95 points by kozika a day ago

sfmz a day ago

https://developer.chrome.com/docs/ai/translator-api

const translator = await Translator.create({ sourceLanguage: 'en', targetLanguage: 'fr', });

await translator.translate('Where is the next bus stop, please?');

ks2048 a day ago

So, this is Google Translate built running locally in Chrome? I wonder if it is a small/degraded model or limited languages? Otherwise, how is it not a simple way around the paid Google API?
- ameliaquining a day ago
  
  The article explains that this feature uses a small (up to 22 GB) language model that runs on-device.
  That said, the "simple way around the paid API" problem is something Google has to deal with anyway, because there are a bunch of ways to use Google Translate without paying for it (e.g., the translate.google.com web UI, or the non-JavaScript-exposed "Translate to [language]" feature built into Chrome), and any action that can be taken by a human can in principle also be taken by a script. The only thing to do about it is use secret-sauce server-side abuse detection to block as much of this activity as they can; they can't get all of it but they can get enough to push enough people onto the paid API that the economics pencil out.
  - jannes a day ago
    
    So installing Chrome is going to require 22 GB of disk space now?
    
    dhx 2 hours ago
    
    This sounds off by an order of magnitude? Firefox's local translation models are only 20-70MB per language pair direction (e.g. en-to-fr or fr-to-en).[1] These models are also only released when they reach at least -5% of Google Translate's COMET score.[1] Currently Firefox ships with support for 32 xx-to-en language pairs and 29 en-to-xx language pairs.[1] As the number of language pairs increases, it probably isn't unreasonable for browsers to stop bundling every language pair and instead prompt users to download uncommon models the first time the user wants to use them.
    [1] https://mozilla.github.io/translations/firefox-models/
    
    ks2048 a day ago
    
    It only installs models that explicitly downloaded via this API, it seems.
    Also, it says to have 22 GB free, but below (under "Note"...), it says the model takes "around a couple of GB".
    
    cj a day ago
    
    Does the API trigger the download automatically, or does it ask for user permission?
    (Answered my own question): Doesn't look like it requires the user's permission. Upon first use, the model will start downloading. The user has to wait for the download to finish before the API will work. That could take hours for 22gb.
    I presume this can't work on mobile?
    https://developer.mozilla.org/en-US/docs/Web/API/Translator_...
    
    ameliaquining a day ago
    
    The article indicates that it will only download the model over an unmetered connection, e.g., while the phone is connected to wifi.
    
    djhn 9 hours ago
    
    Seems very backwards for markets where wired/wifi connections at home are nonexistant, 4g/5g is already unmetered and phones are the wifi you connect your devices to.
- sfmz a day ago
  
  There's already ways to do translation locally in javascript with neural-nets running in WASM, this is just more convenient.
  https://huggingface.co/Xenova/nllb-200-distilled-600M
  - vitonsky 11 hours ago
    
    I tried to use this model in my package with translators kit https://github.com/translate-tools/core/pull/112
    It runs very slow.
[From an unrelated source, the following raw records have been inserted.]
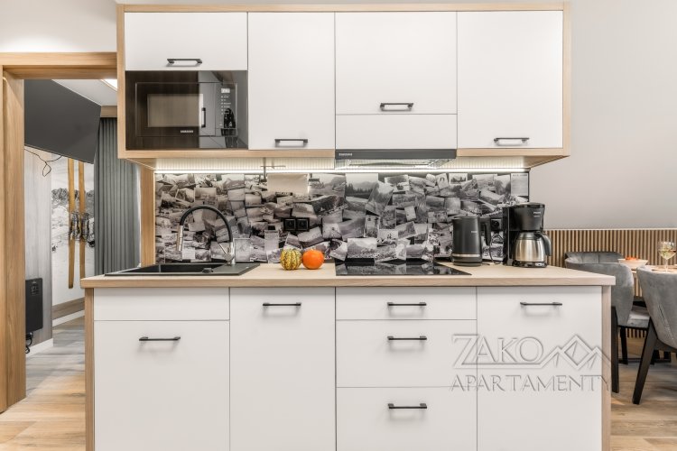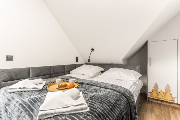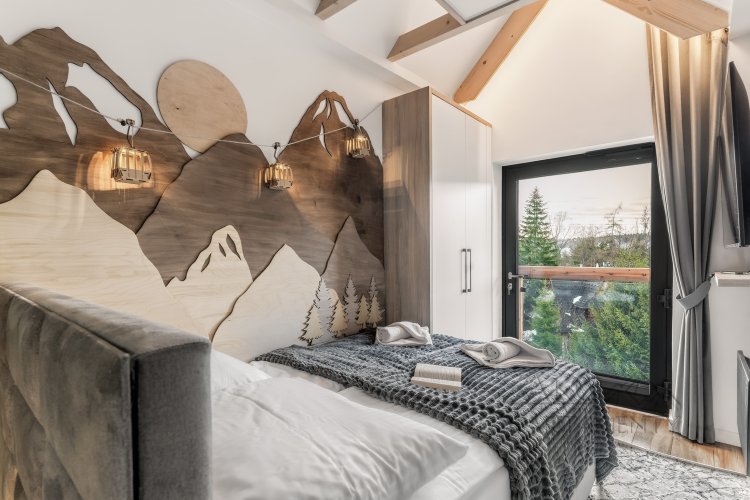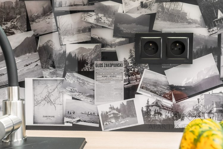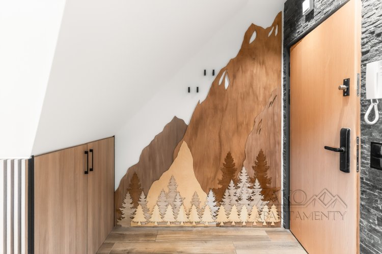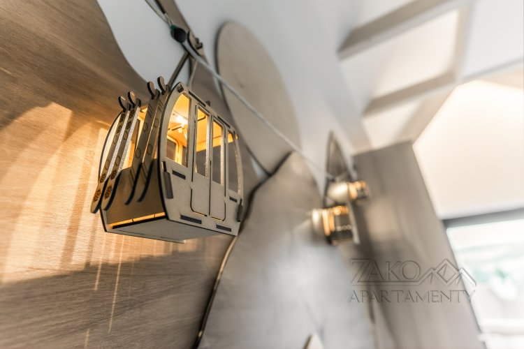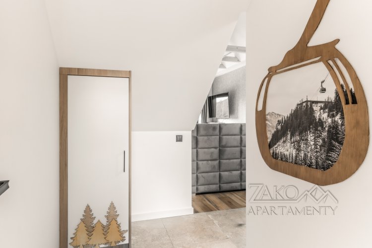 Wystrój wnętrza nawiązuje do klimatu gór – wszechobecne motywy choinek, drewniane elementy przedstawiające kolejkę na Kasprowy Wierch oraz zabytkowe narty w jednej z sypialni tworzą oryginalną i przytulną atmosferę. Starannie dobrane dekoracje nadają apartamentowi wyjątkowy, charakterystyczny styl.
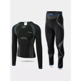 Souprava pánského termoprádla BRUGI. Souprava trička s dlouhým rukávem a dlouhých legín. Oděv je vyroben z vysoce kvalitních strečových termoaktivních materiálů, které se dokonale přizpůsobí tělu a odvádějí vlhkost ven. Rychleschnoucí materiál je ideální pro fyzické aktivity i každodenní použití. Oděvy tohoto typu mohou být první termovrstvou (tzv. základní vrstvou) pro aktivní uživatele. Souprava spodního prádla je ideální pro běhání, cyklistiku, do hor nebo na lyže či snowboard. Spodní prádlo je ideální pro letní i zimní období.
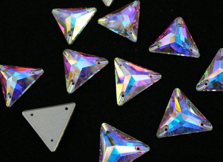 Háromszög alakú varrható kristálykő kristály AB színben, 12x12, 16x16, 22x22 mm-es méretben. Ragyogó, új csiszolású kő. Anyaga: kristályüveg.
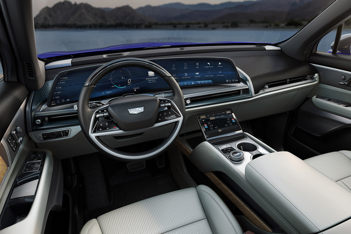“VISTIQ continues the Cadillac EV identity, including our signature vertical lamps front and rear, the illuminated pinstripe grille, a 33-inch diagonal high-resolution LED screen, and available 23-inch wheels, rendered in a proportionally stately and functional three-row SUV,” said Bryan Nesbitt, executive director, Global Cadillac Design.
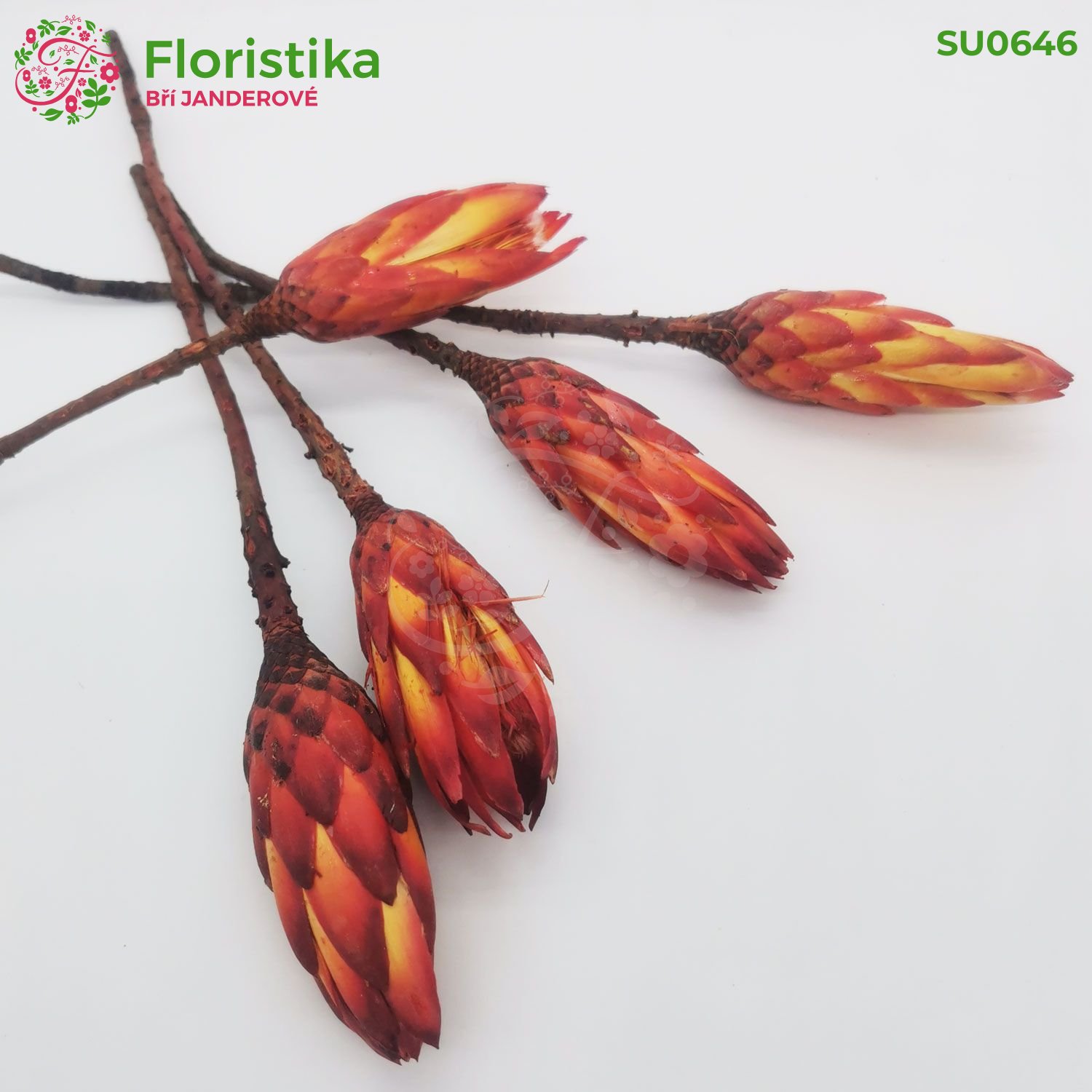 Protea repens red small - hlavičky na stonku stálezeleného keře Protea repens pocházející z jižní Afriky. Tato exotická rostlina se pyšní květy s délkou hlavičky 10 centimetrů a průměrem 3 centimetrů, které jsou umístěny na stonku o délce 35 centimetrů. Hlavičky Protea repens je ideální dekorace do interiéru, nebo dekorace aranžmá. Balení obsahuje 30 kusů.
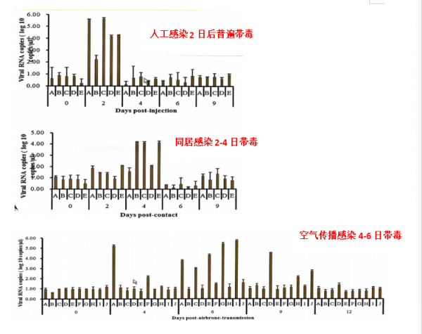 1.2通過隔離器進(jìn)行人工感染后的同居感染試驗(yàn)和空氣傳播感染試驗(yàn),結(jié)果表明病毒可以通過接觸傳播和空氣傳播!

Test case that run translation for text in 3k chars multiple times, takes about 30 seconds for google translator, but more than 10 minutes for `nllb-200-distilled-600M`.
    Text sample: https://github.com/translate-tools/core/pull/112/files#diff-...
    My tests runs on nodejs, it looks in browser it have no chance for real world use
- akazantsev 21 hours ago
  
  Here is the information on how it works in Chrome. https://developer.chrome.com/docs/ai/translator-api
- dbbk 20 hours ago
  
  Could it get more degraded?
- pinoy420 a day ago
  
  [dead]

sandstrom a day ago

This would be very useful.

Basically, the 'translate this' button you see on Twitter or Instagram next to comments in foreign languages. This API would make it trivial for all developers to add that to their web apps.

greatgib a day ago

Except that it is the user that will pay with his own llm tokens
- 8n4vidtmkvmk 11 hours ago
  
  The user pays with some disk space, not API tokens
- cAtte_ a day ago
  
  how do you know this?

vitonsky a day ago

As maintainer of https://linguister.io/, should I start work on polyfill for that API?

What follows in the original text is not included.